*** Opening DATA BLOCK ***
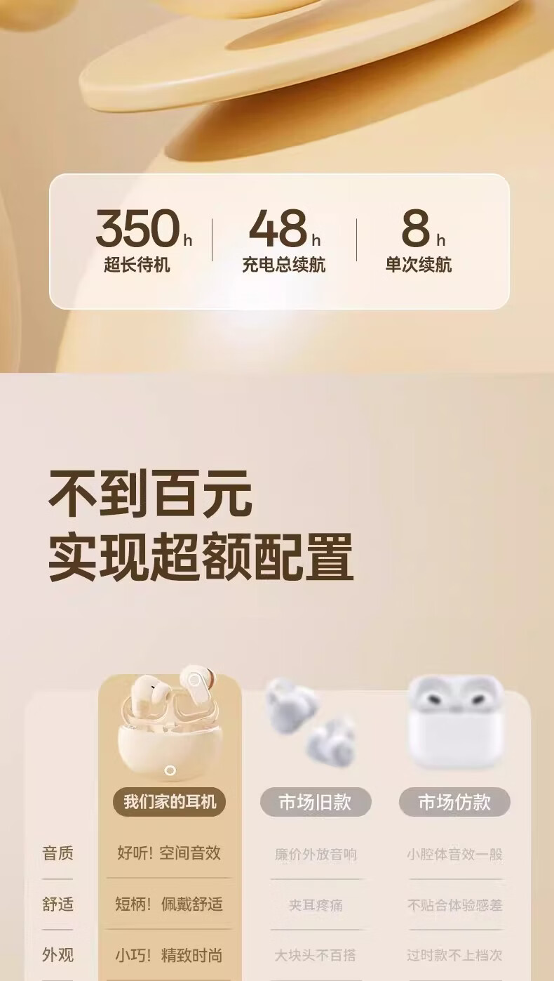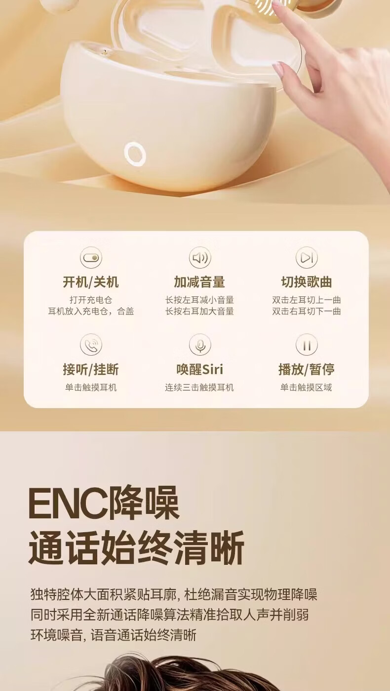音天华柏林之声2026年新款真无线蓝牙耳机入耳式长续航大电量游戏运动通话降噪高音质适用于小米华为苹果 圣洁白【蓝牙5.4芯片-杜比音效-ENC智能AI降噪】
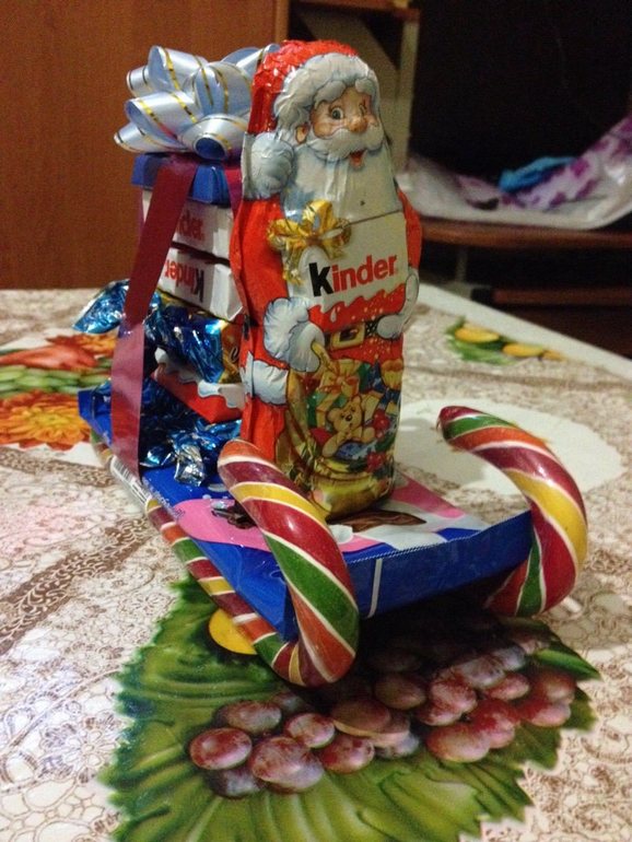 Сладости на Новый Год или Рождество – это уже традиционный подарок для детей, но преподнести его можно интересно и оригинально. В настоящее время на полках магазинов можно найти множество разных конфет, из которых можно сделать композицию, например, в виде саней Деда Мороза: леденцы – трости используем в качестве полозьев, длинные шоколадки в качестве основы, а маленькими конфетками наполняем сани.
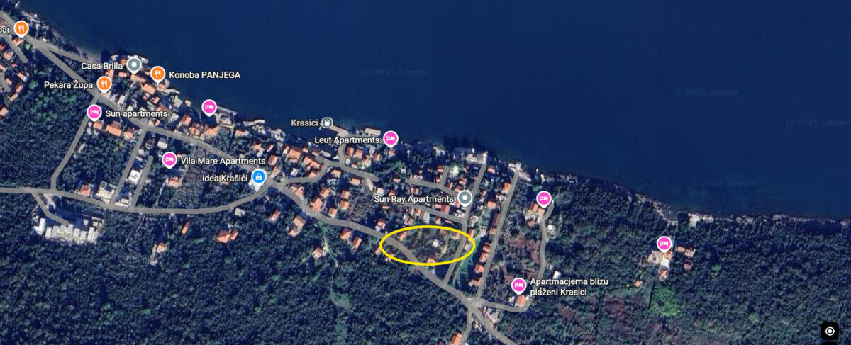 Участок в Крашичах – 50 метров от моря, выход на частный пляж.
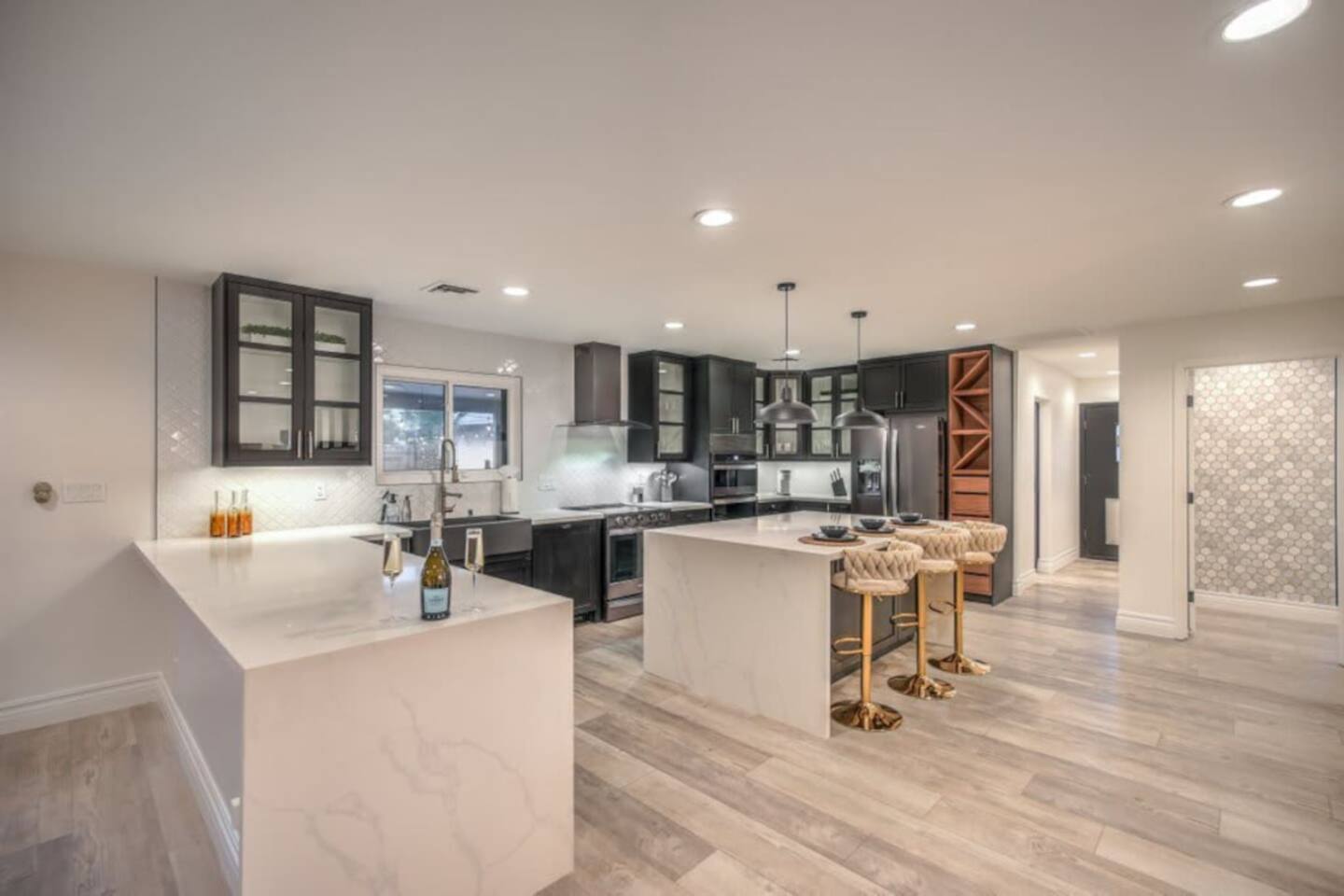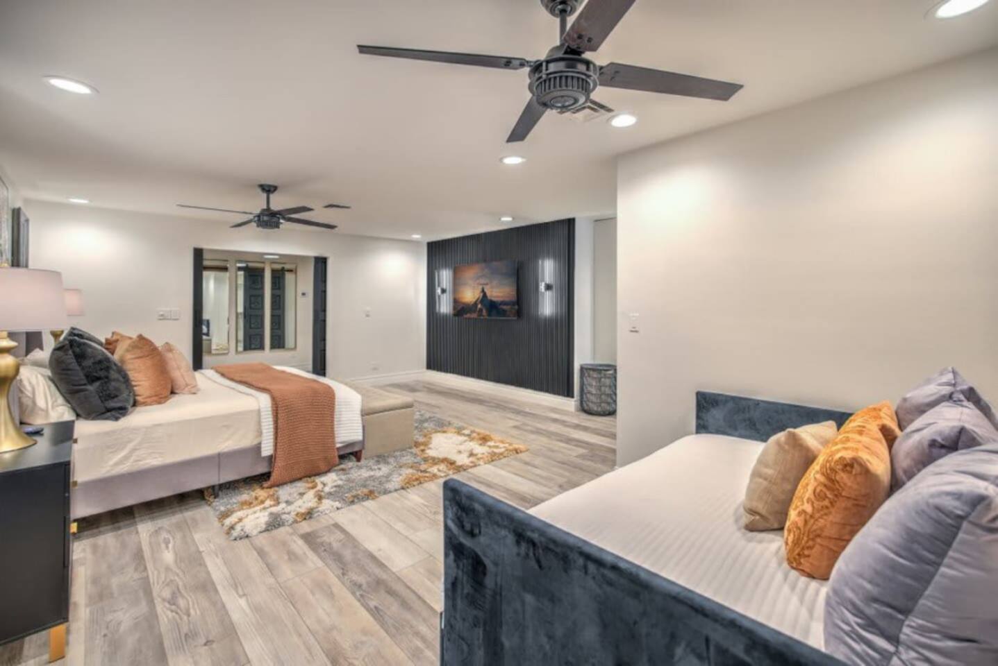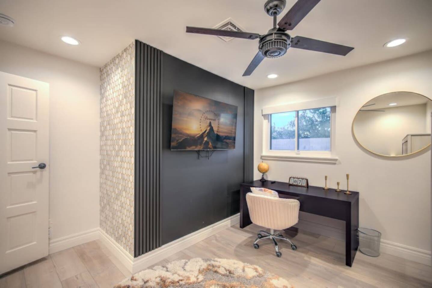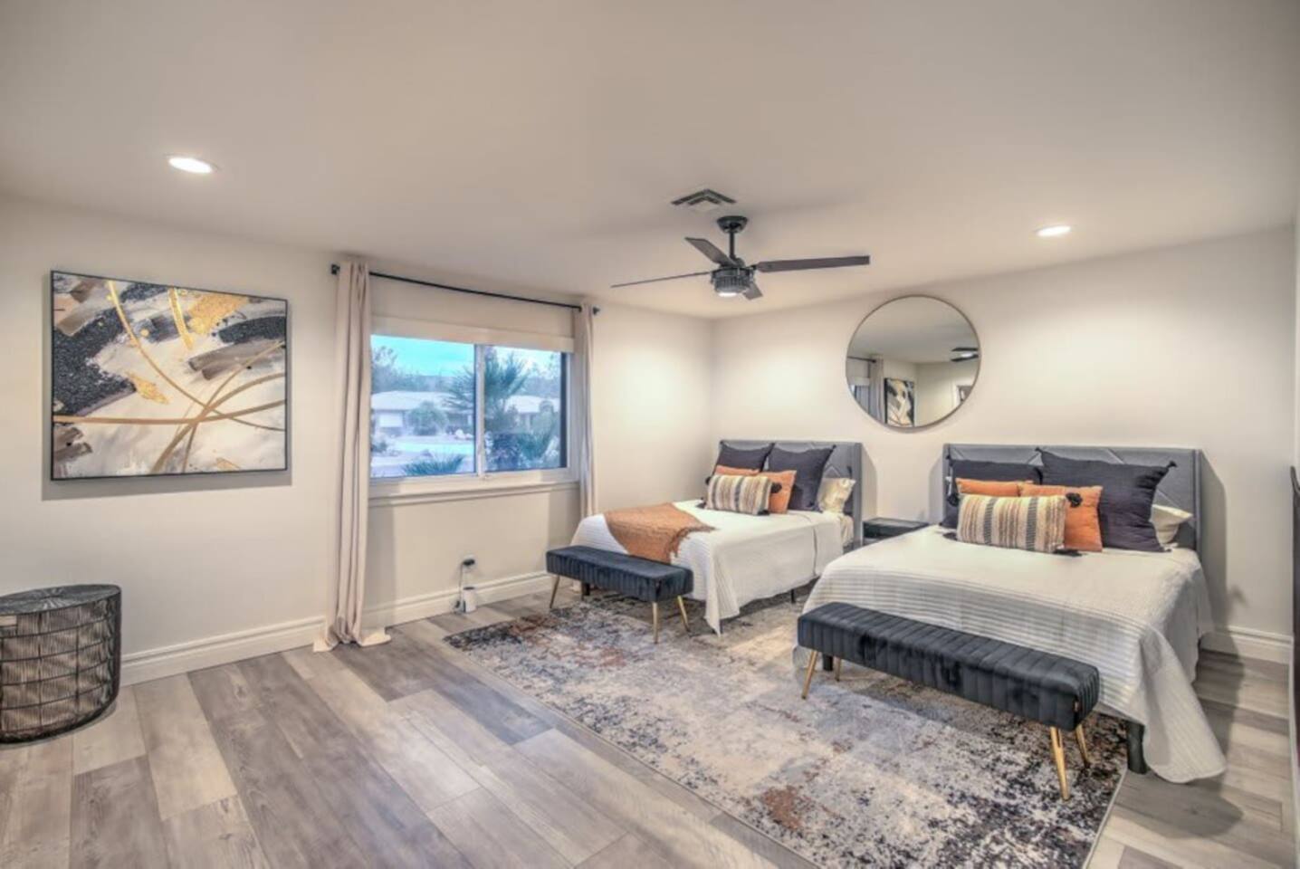 Welcome to 3322 West Mardon in Las Vegas! This short-term rental is a modern retreat boasting 4,016 sq feet of luxury living space. The interior features an open island kitchen, dining area, billiards area, and a movie theater for your entertainment needs. With 5 individual bedrooms and 4 bathrooms inside, plus an outdoor full bathroom, privacy and convenience are key. Enjoy the private sauna, modern swimming pool, year-round above ground jacuzzi/hot tub, and the brand new pool surfacing completed in July 2023. Additionally, the property offers EV charging, making it a perfect choice for eco-conscious travelers. Located less than 10 minutes from the Las Vegas Strip and Airport, this residence combines style, sophistication, and convenience for an unforgettable stay.
*** Closing DATA BLOCK ***
GOAL OF THE EXERCISE =
Print the data above from its first line through the line that has "Участок в Крашичах", exactly and with nothing else, omitting pictures.

WRITTEN ANSWER =
音天华柏林之声2026年新款真无线蓝牙耳机入耳式长续航大电量游戏运动通话降噪高音质适用于小米华为苹果 圣洁白【蓝牙5.4芯片-杜比音效-ENC智能AI降噪】
 Сладости на Новый Год или Рождество – это уже традиционный подарок для детей, но преподнести его можно интересно и оригинально. В настоящее время на полках магазинов можно найти множество разных конфет, из которых можно сделать композицию, например, в виде саней Деда Мороза: леденцы – трости используем в качестве полозьев, длинные шоколадки в качестве основы, а маленькими конфетками наполняем сани.
 Участок в Крашичах – 50 метров от моря, выход на частный пляж.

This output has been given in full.